La commune de Toulouse ne pouvait seule accueillir cette croissance démographique et l'étalement urbain s'effectua en direction des communes de la périphérie. Au recensement de 1982, le nombre de banlieusards (200 à 300 000) tendait à rattraper celui des habitants vivant dans la métropole toulousaine (environ 350 000 personnes recensées). Des grandes opérations d'urbanisme ont alors été lancées pour faciliter les déplacements quotidiens de cette population nouvelle. La rénovation des quartiers du centre-ville dans les années 70 attira de nombreux commerces et services et consécutivement, un flot grandissant d'automobiles. Malgré la construction de parkings souterrains et le renforcement du réseau de transports en communs, les problèmes de circulation et de stationnement devinrent préoccupants.
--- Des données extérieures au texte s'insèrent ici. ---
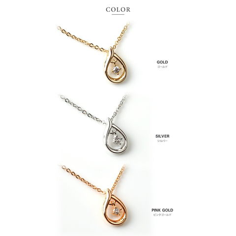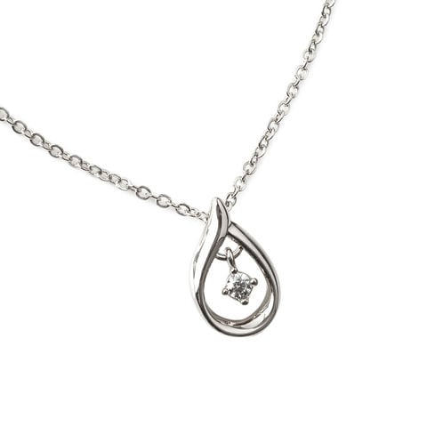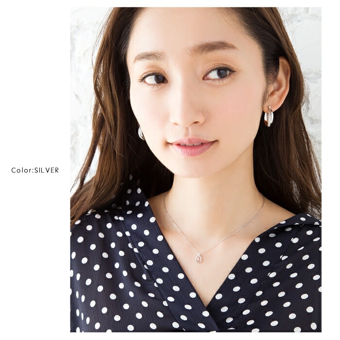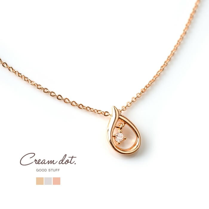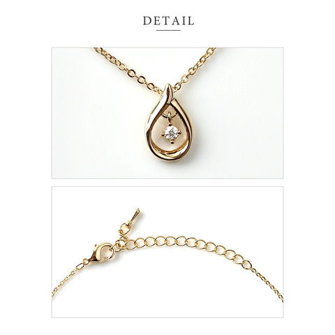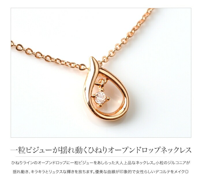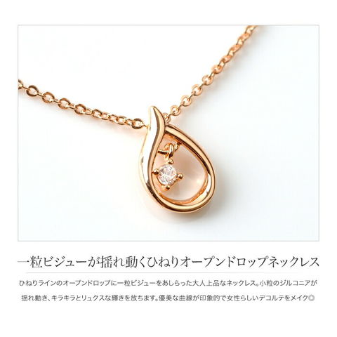 ひねりラインのオープンドロップに一粒ビジューをあしらった大人上品なネックレス。小粒のジルコニアが揺れ動き、キラキラとリュクスな輝きを放ちます。

Le projet de construction d'un métro a donc été retenu en 1983 (au moment de l'inauguration de celui de Lille) : souterrain, il pourrait desservir sans l'encombrer la partie centrale de la ville. Il permettrait également de limiter la pollution en fonctionnant à l'électricité. La technique du VAL (Véhicule Automatique Léger)a finalement été également retenue à Toulouse. Entièrement automatiques, les rames circulent sur pneus. Elles peuvent accueillir chacune 150 à 200 personnes et atteindre une vitesse de pointe de 60 km/h. La ligne A du métro inaugurée en 1993 traverse la ville dans la direction Nord-Est / Sud-Ouest. Les travaux d'extension de cette ligne n'ont été achevés que dix en plus tard, en 2003. La décoration des 18 stations de la ligne a été confiée à des architectes différents et elles furent ornées d'oeuvres d'art. La mise en service de la ligne B d'axe Nord-Sud est prévue pour juin 2007. La réalisation des travaux est donc très étalée dans le temps pour d'évidentes raisons budgétaires.
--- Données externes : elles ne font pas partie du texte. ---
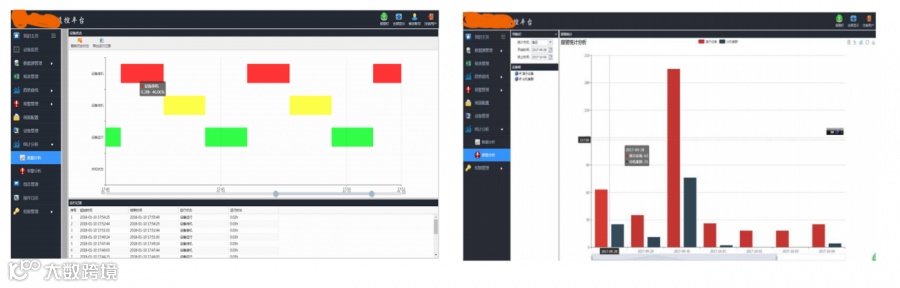根据自定义的统计分析算法,对设备数据进行分析,并以柱状图、饼图等方式展现。
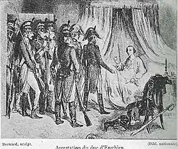 Le , un détachement d'un millier d'hommes[3] du 22e de dragons (dont son colonel, Jean Augustin Carrié de Boissy) franchit le Rhin à Rhinau, se dirige vers Ettenheim, à 10 km de la frontière, et enlève le duc. Celui-ci est enfermé à Strasbourg, puis transféré à Vincennes, où il arrive le .

La construction du métro s'inscrit dans un projet urbanistique plus vaste. La mise en place d'un vaste réseau de transport en commun (bus, métro, tramway) à l'horizon 2005 est en effet un des principaux objectifs de la ville et des autres collectivités locales qui en assurent en partie le financement. Il combinera réseaux de métro, de trains de banlieues (géré par la SNCF), bus et tramways.

Éclairage média

Par Emeline VanthuyneProfesseure agrégée d'histoire )

Ce reportage est diffusé alors que la décision de construire un métro à Toulouse n'est pas encore définitivement adoptée. Cela nous permet de comprendre quelle était la nature des débats engagés autour de ce projet ambitieux. Le sujet alterne entre vues générales du centre-ville, images d'illustration (métros déjà en circulation dans d'autres métropoles) et interviews de responsables politiques locaux. Il est structuré de manière très pédagogique. Le commentaire est très construit et s'accompagne d'illustrations très claires (analyse du tracé des lignes sur un plan de Toulouse, statistiques incrustées sur fond d'écran). Chaque thème est étudié à son tour selon une même logique: le journaliste explique les points d'achoppement du projet puis interroge les élus locaux pour qu'ils exposent leurs points de vue sur les différentes solutions envisageables. Ces acteurs politiques représentent divers échelons locaux (quartier, commune, groupement de communes,la région).

Cela permet de mieux percevoir les réalités d'une concertation politique locale. Chaque partie défend ses propres intérêts, parfois divergents, quitte à faire preuve de mauvaise foi (à l'exemple du maire de Toulouse qui affirme que le coût du métro ne sera pas financé par les impôts locaux). La construction du métro dépasse donc le cadre urbanistique est devient un véritable enjeu politique et électoral. On remarque a posteriori que la solution finalement retenue constitue un compromis entre les points de vue ici présentés. Si le projet métro a finalement été adopté, le réseau de transport en commun toulousain joue sur la complémentarité entre les différents modes de transports en commun (bus, tramway, trains de banlieues) afin de gagner en efficacité.